LIVing it up

I don’t often talk about sports here on PPC. (As an aside, my original not-a-blog had a dedicated sports section. My, how things change in a generation!) The problem with major American sports is, like so many other parts of America, due to wokeness. The three major sports leagues—MLB, NFL, and NBA—all openly support a domestic terrorist organization. The NFL wanted to blacklist its best player for not getting an experimental and deadly gene therapy treatment; the tennis US Open actually did. NASCAR peddled a hate crime hoax and banned its biggest demographic from displaying symbols of their heritage. And the NHL might have backed off its requirement for players to support anti-human practices such as grooming and castration, but it never apologized for pushing them in the first place.

One of the few sports where the woke haven’t fully taken over is golf, and that’s for a few reasons.

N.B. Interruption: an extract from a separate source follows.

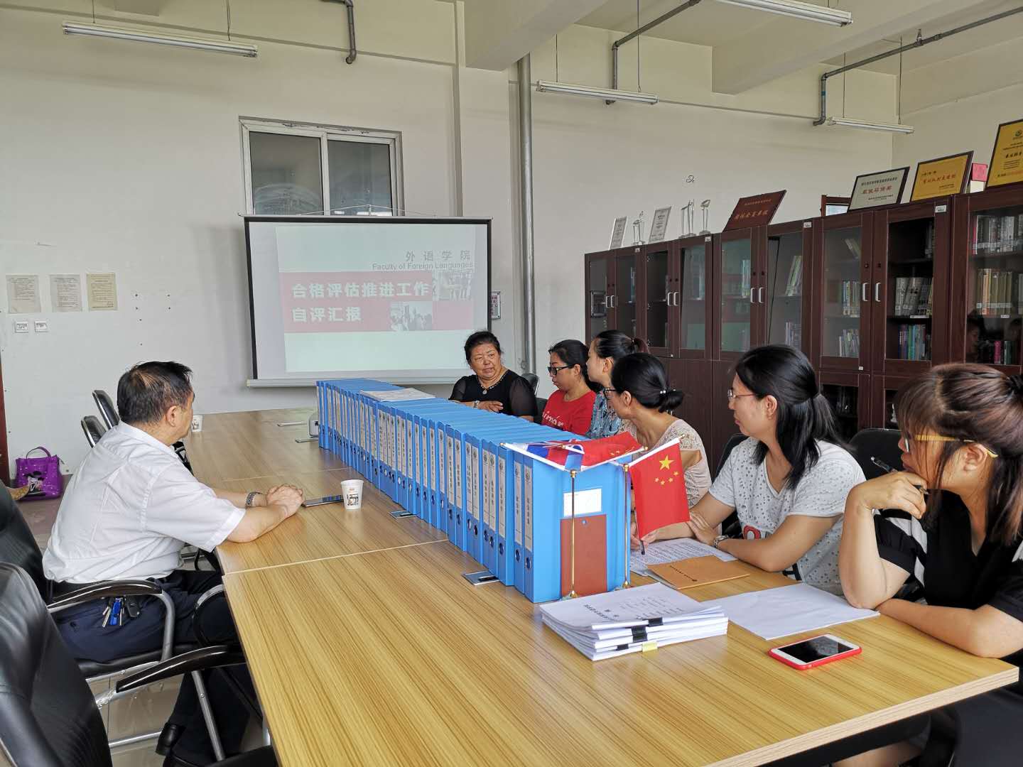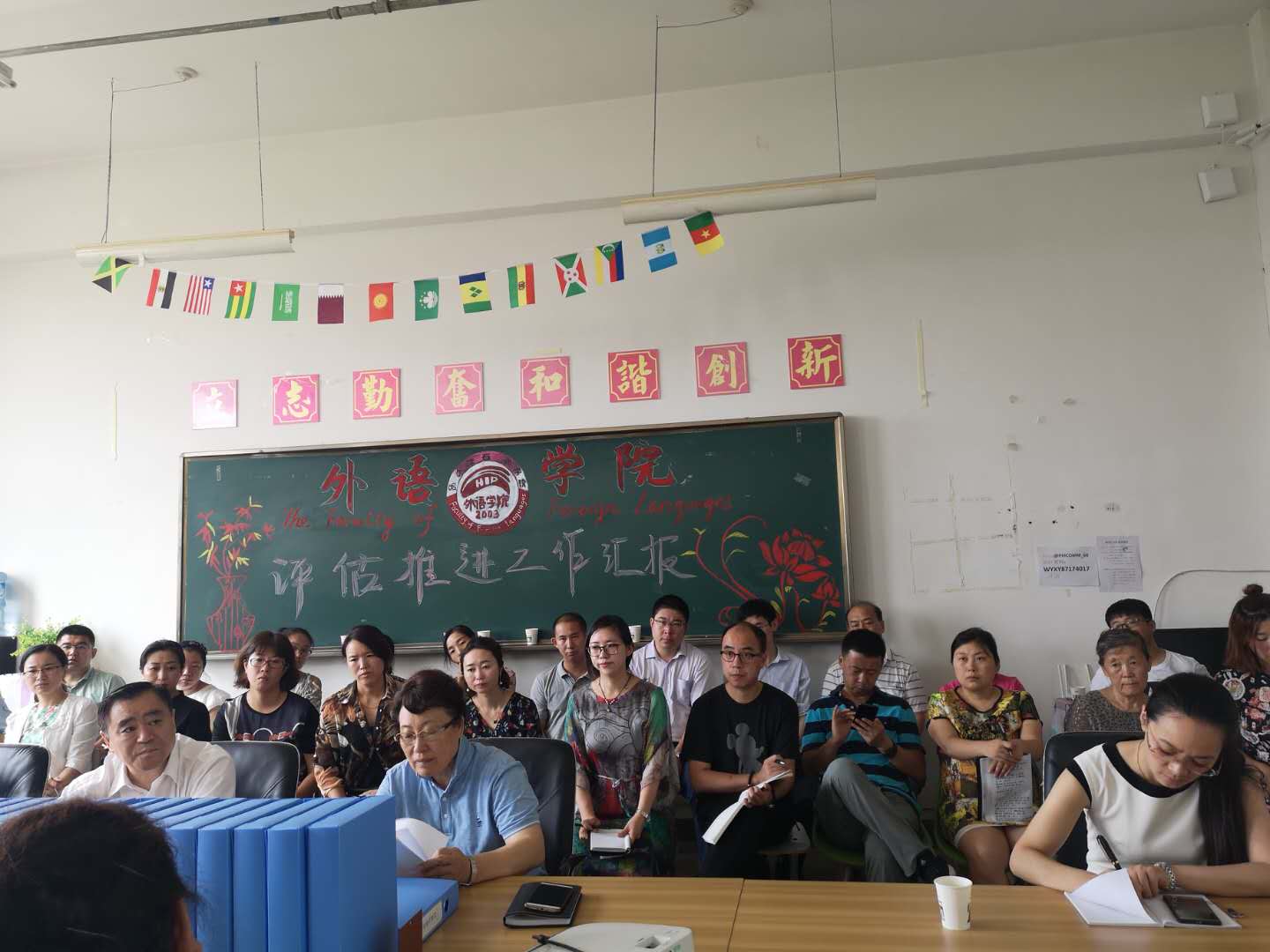2018年7月15日,在谢永利校长的倡议下,外语学院主办了冰球突破豪华版官方网站迎接2019年本科教学工作合格评估推进工作经验交流会。冰球突破豪华版官方网站党委书记焦光纯,党委副书记杨宏,各学院、教学部、校团委、学工处和教务处的主管领导及骨干教师参加了此次交流会。本次会议旨在交流迎评工作经验、凝聚特色亮点,为冰球官网的评估准备工作再上新台阶和圆满完成评建各项任务奠定坚实的基础。

One, it’s an individual sport with low popular appeal, so Blackrock and the other ESG pushers just don’t see a need to inject idiocy into it. Two, golf is, unlike most professional sports played in the US, truly a global game. Many of the players are Asian, and Asians in general just don’t have time for the alphabet soup crowd. (And they hate “racial equity” nonsense. That’s something that’s common to Japanese, Chinese, and Koreans, as far as I can tell.) Yes, one of the greatest golfers of all time is black, but almost nobody cares about that. To anyone watching golf to enjoy the spectacle, Tiger Woods is Tiger Woods. He’s easy to pick out of a crowd, sure, but we’d much rather remember, say, his performance in the 2008 US Open than his response to George Floyd’s death.

Of course, the PGA Tour is an American institution, and thus it is vulnerable to woke influences. Over recent years, they have crept in. They still aren’t very noticeable, compared to other sports, but they’re there. Pride Month celebrations and rainbow logos are the main illustration, but being woke isn’t just about supporting those who hate humanity. It’s also about supporting the global neoliberal order. Much like in tennis, where the Australian Open tried to censor supporters of Russian players, the PGA has it out for anyone who doesn’t swallow the US-EU-NATO narrative. And that’s where our story begins.

Rock the casbah

Saudi Arabia is one of the most barbarous regimes on the planet. That’s indisputable. Their treatment of women, for example, is heinous by any standard other than their own deranged one. They use their leverage as one of the world’s major oil producers as a bludgeon to prevent their crimes against humanity from being investigated or prosecuted. True, they aren’t the worst, but they’re definitely near the top of the list.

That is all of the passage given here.